Facebook’s Simon Martin on semi-synchronous replicationTom Diederich
Facebook, with 1.49 billion monthly active users, is one of the world’s top MySQL users. Simon Martin, a production engineer on Facebook’s MySQL Infrastructure team, has been working with MySQL for most of his career, starting from 2 servers built out of spare parts and moving through to one of the largest deployments in the world.
Simon will be sharing some of the challenges Facebook has tackled as it rolled out semi-synchronous replication across the company’s different services at Percona Live Amsterdam on Sept. 22. His talk is aptly titled, “The highs and lows of semi-synchronous replication.” I sat down, virtually, with Simon the other day. Our conversation is below, but first, as a special reward to my readers, save €20 on your Percona Live registration by entering promo code “BlogInterview” at registration. Please feel free to share this offer! 🙂
Tom: On a scale from 1-10, how important is MySQL to Facebook? And how does Facebook use MySQL?
Simon: 10. We have a sophisticated in memory caching layer that will serve most requests, but MySQL is the persistent store for our graph. This means all your profile data, all your friends, likes and comments and the same for pages, events, places and the rest are stored permanently in MySQL.
We rely on MySQL in this role for 3 key features. Firstly as the final store it needs to not lose data, and InnoDB is well proven in this space. It needs to be highly available, MySQL and InnoDB are both very stable and we use replication as well to provide redundancy. Finally, even with extensive caching, it needs to be performant, both in latency and throughput, MySQL is both and we can use replication again to spread the read traffic to slaves in remote regions to help here too.
Tom: What are some of the advantages of using Semi-Synchronous Replication at Facebook — and what are the challenges for deployments of that size when using it?
Simon: That’s a big question, I could probably talk for 50 minutes on it! We started looking at Semi-Synchronous as a solution to reduce downtime when a MySQL master, or the host it’s on, crashes. Historically, if you are running a replicated environment and the master crashes, you are faced with a choice. You could promote another slave right away to reduce downtime, but it’s impossible to be sure that any of your slaves got all the transactions off the master. At Facebook we cannot lose people’s data, so we always chose to recover the master and re-connect the slaves before promoting if required. The downside is recovering InnoDB on a busy host can be slow, and if the host is rebooted it will be even slower, giving us many minutes of downtime.
Now that we run Semi-Synchronous replication it means that a master will not commit a transaction until at least one slave has acknowledged receipt of the binary logs for that transaction. With this running when a master crashes we can be sure our most up-to-date slave has all the data, so once it’s applied by the SQL thread we can promote safely without waiting for crash recovery.
There are many challenges in this though. Firstly there is performance, we now need a network round trip for each transaction, so we need the acknowledging slaves to be very close. Slaves in a different data hall, let-alone a different region, will be too slow.
We also need to pay attention to slave availability, previously not having a slave connected to a master for a short time was not a problem, now this will cause writes to stop and connections pile up, so we need to be much more careful about how we manage our replication topology. A target of 99.999% uptime for a service now requires the same SLA on slaves being available and connected locally to acknowledge the commits.
On top of this running at “webscale” adds a layer of requirements of its own. Like the rest of our environment everything needs to be automated, anything that requires a human is not going to scale. So our automation needs to respond to any failure and heal the system without intervention in any circumstance.

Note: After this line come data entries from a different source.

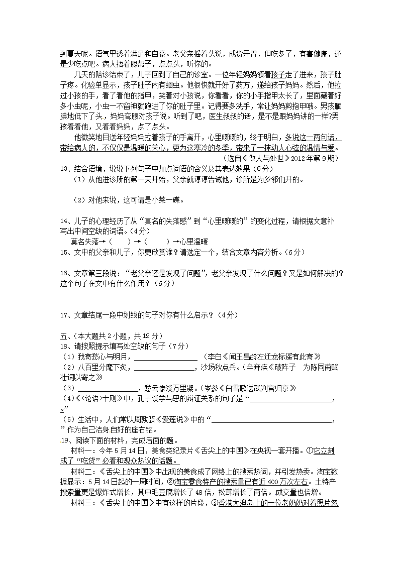 【文档名称】 2012新疆乌鲁木齐中考语文真题及答案(Word版).doc
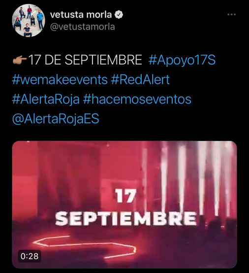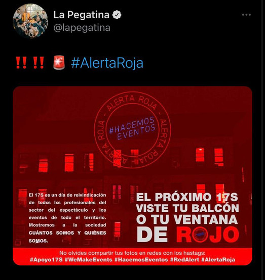 El descontento de los artistas cada vez era mayor, y se dejó en claro con campañas como #AlertaRoja, en la que miles de artistas del país se unían para reivindicar la importancia de la cultura, con slogans como “Sin cultura no hay futuro”. Esta campaña se llevó a cabo en septiembre del pasado año, convocando el día 17 manifestaciones simultáneas por toda España.
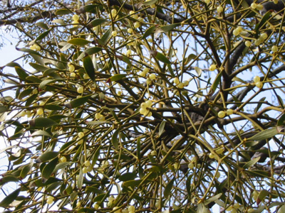 有馬温泉街個人宅庭先のエノキに寄生。隣の家主さんの話では、20数年前に来た時からです。 寄生されたエノキは弱ることなく不思議です。 有馬温泉街では、この他サクラ等にもあちこちで見ることが出来ます。
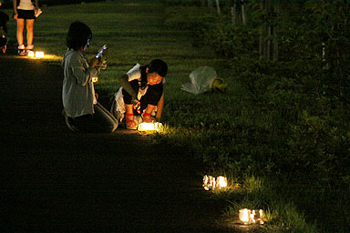 明神橋付近では、エコキャンドルに火をともし、街並みをライトアップしました。
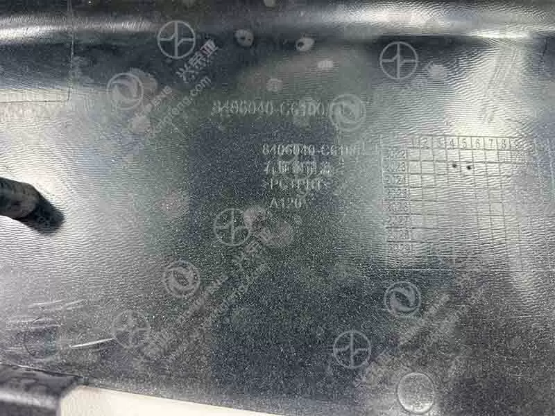 Constructed from a high-performance blend of thermoplastic olefin (TPO) and ethylene propylene diene monomer (EPDM) (ratio 80:20), the 8406040-C6100 cover balances rigidity for shape retention and flexibility for impact resistance. With a thickness of 4.3mm, the material exhibits excellent low-temperature toughness (notched Izod impact strength of 8.4 kJ/m² at -35°C), preventing cracking in freezing climates, and high-temperature stability (resistant to warping at 90°C) during summer heat or under-vehicle heat radiation. The EPDM component enhances chemical resistance, withstanding degradation from diesel, brake fluid, and road salts even after 650 hours of exposure. Infused with UV-stabilizers, the blend passes 2200-hour xenon lamp aging tests with no brittleness or color fading, ensuring durability in outdoor, under-vehicle environments for over 7.5 years—outperforming low-grade plastic covers by 45%
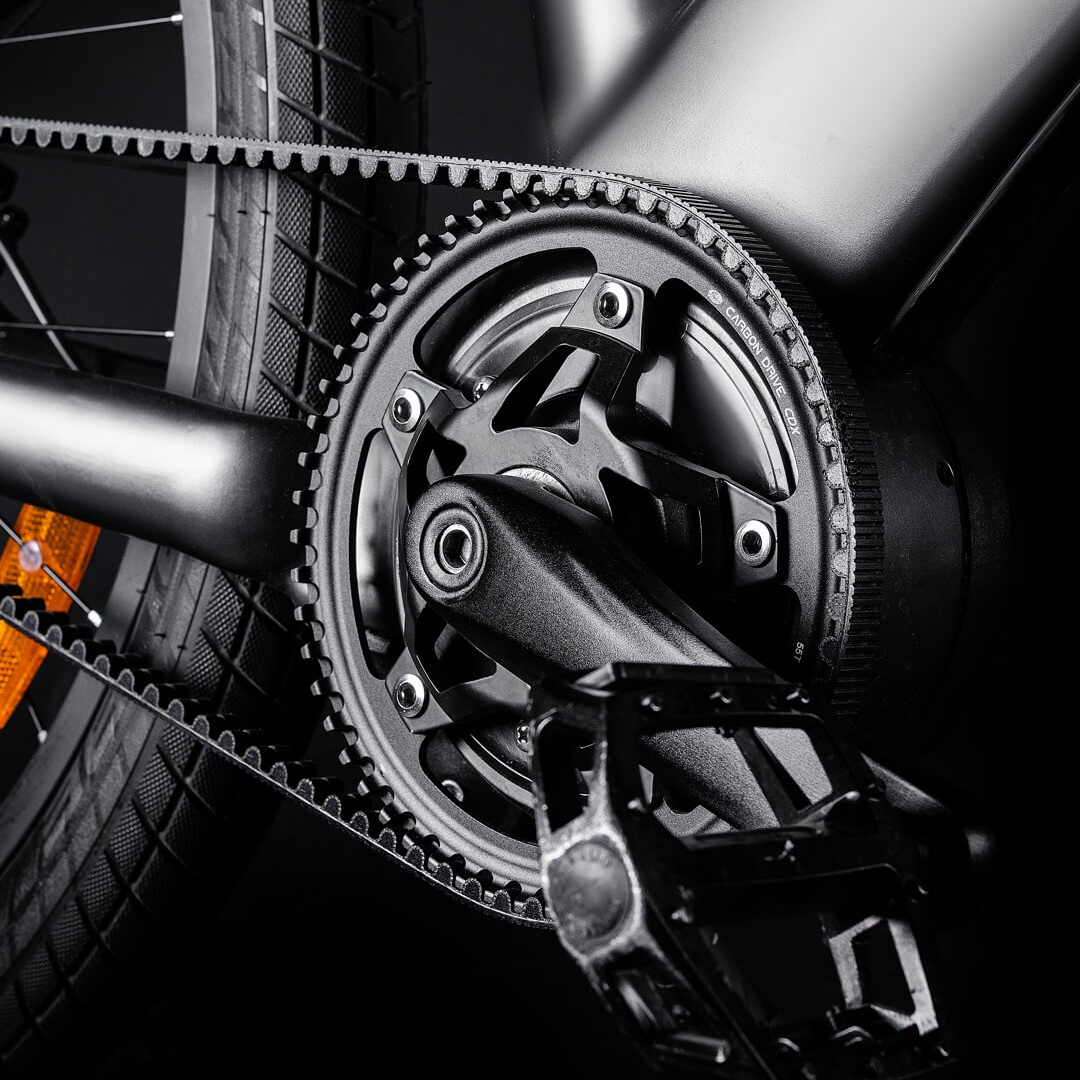 Anstelle eines Kettenantriebs verwendet der Motor einen internen Gates Carbon-Riemenantrieb, der eine Shimano Alfine 8-Gang-Getriebenabe antreibt. Das bedeutet, dass Sie sich nie wieder die Hände (oder Hosen) von Schmieren einer Kette schmutzig machen müssen.
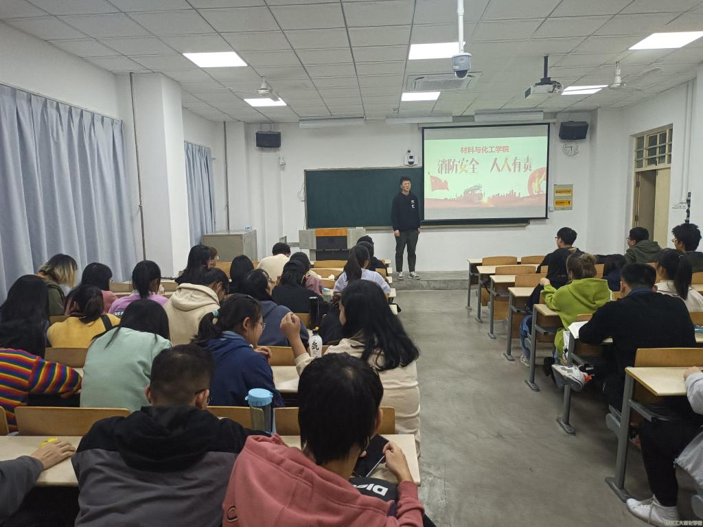 2018级学生在教3-213召开“消防安全 人人有责”宣传会。
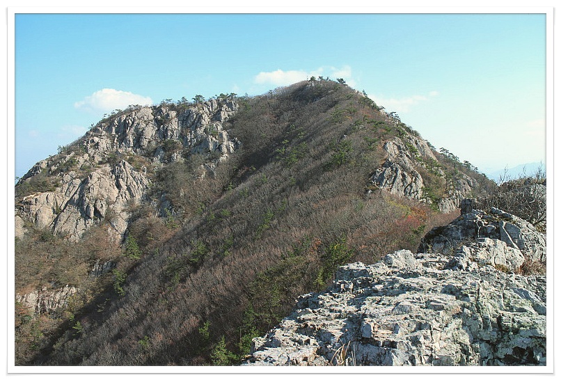 암릉지대까지 능선길과 바위지대가 번갈아 펼쳐진다. 능선을 따라 10여분 정도 고도를 올리면 한순간
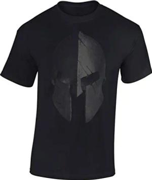 Herren T-Shirt - „Sparta Helm“ - Spartaner Krieger Motiv - Baumwollshirt Männer Freizeitshirt Streetwear (Schwarz M)
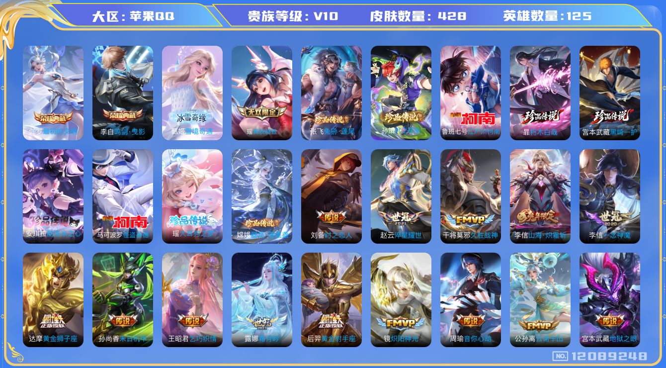[12089248]V10 2典藏 2无双 9珍品传说 49传说 125英雄 428皮肤 可修改实名 女号 优质装备:鸣剑·曳影,真我赫兹(瑶)(瑶无双),雪境奇遇-甄姬,最初的交响(伽罗典藏),江户川柯南,怪盗基德,器灵·落星盏,酷洛米之心,大耳狗之梦,朽木白哉,黑崎一护,黄金狮子座,黄金射手座,冠军飞将,云鹰飞将(小将军),猫影幻舞,久胜战神,炽阳神光,一念神魔,云霓雀翎,末日机甲-孙尚香(绿蚂蚱),仲夏夜之梦(大飞蛾),零号·赤焰,地狱之眼,飞鸢探春,音你心动-周瑜,胖达荣荣,李逍遥,乞巧织情,时之恋人-刘备(电焊工),游龙清影(小青龙),淬星耀世,超时空战士-狄仁杰,无双飞将,山海·炽霜斩(李信年限),浮生妄,霜月吟,艾琳觅芳踪,玄雷天君 珍品传说:时之奇旅-孙策,兔狲·蓬尾 传说皮:死亡执政官,云诺千山,星之鸣奏,祥瑞亨通,幻光神枪 珍宝阁皮:妄想食味,女武神,玩趣恶龙 限定皮:愿照·九州拓(澜年限),愿照·福禄聚(蔡文姬年限),愿照·岁时盈(虞姬年限),愿照·山河定(司空震年限),愿照·众生和(妲己年限),愿照·千秋盛(女娲年限),鸣野蒿,白虎志(电光耗子),梅西,白鹤梁神女,白晶晶,时雨天司(水龙头),神威(电光马子),飞衡(韩信年限),玄嵩(庄周年限),瑞麟志(木兰年限),诗剑行,齐天大圣,匿光决锋者,怒海麟威,五谷丰年,青龙志(铠年限),冰锋战神,武圣,梁祝,御风骁将(吕布年限),天狼狩猎者,逐梦之星,烈魂,奔雷神使(牛魔年限),祈雪灵祝(雪兔子),天狼绘梦者,李小龙,逐梦之影,玄武志(苏烈年限),朱雀志(守约年限),如梦令-后羿,霸王别姬-项羽,奇迹圣诞,默契交锋-花木兰,大圣娶亲,冰霜恋舞曲,无尽星芒,唐三藏,匿光启智者,山海·玄木吟(马可年限) 史诗皮:赞萌露比,鸭鸭历险记-刘禅,苍鳞隐世,器灵·浮梦炉,糖绘人间,化蝶舞,灵蛊蚀心,龙之律动,雪豹·霜爪,藏狐·褐绒,布丁狗之誓,小牛鸭,石田雨龙,百相守梦-周瑜,茶境仙,幻珠鲛人,百相守梦-百里守约,百相守梦-黄忠,遇见神鹿,紫霞仙子,苍穹之光,电玩小子(小书包),白龙吟,黄金分割率,特工魅影,千年之狐,永昼,电玩·爆裂旋风,江河有灵,高渐离燃音魔法,蒙恬荣光圣徽,偶像歌手,龙骑士(小龙虾),白蛇,暗夜猫娘,魅语,无限星赏官,晚萤,冰冠公主,青蛇,末日机甲-吕布,猫狗日记-孙策,猫狗日记-大乔,乱世虎臣,
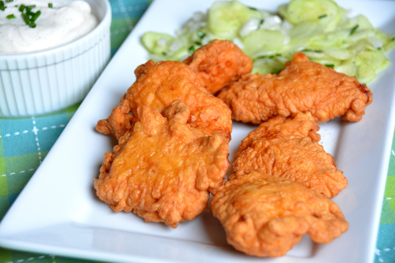 Polędwiczki drobiowe w cieście naleśnikowym, ziemniaki/kluski/frytki, surówka
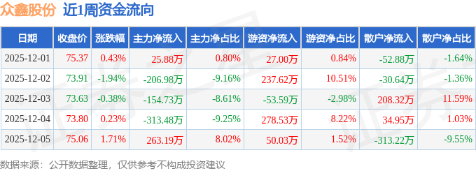 资金流向数据方面,本周众鑫股份主力资金合计净流出386.11万元,游资资金合计净流入539.58万元,散户资金合计净流出153.47万元。本周资金流向一览见下表:

An edge case that has even a tiny chance of occurring on a given day needs to be handled automatically, to keep our SLA and to stop our engineers constantly having to fix things.
Tom: What are you looking forward to the most at this year’s conference (besides your own talk)?
Simon: I always enjoy the keynotes, they don’t all seem to be announced yet but it’s a great way to get a state of the community update. I’ll certainly stop by “Binlog Servers at Booking.com,” it sounds like they might be doing the same kind of things we are for Semi-Synchronous replication, so it’ll be great to compare ideas. I’ll also be looking at the talks on MySQL 5.7 to get the scoop on what cool new stuff is coming down the pipeline!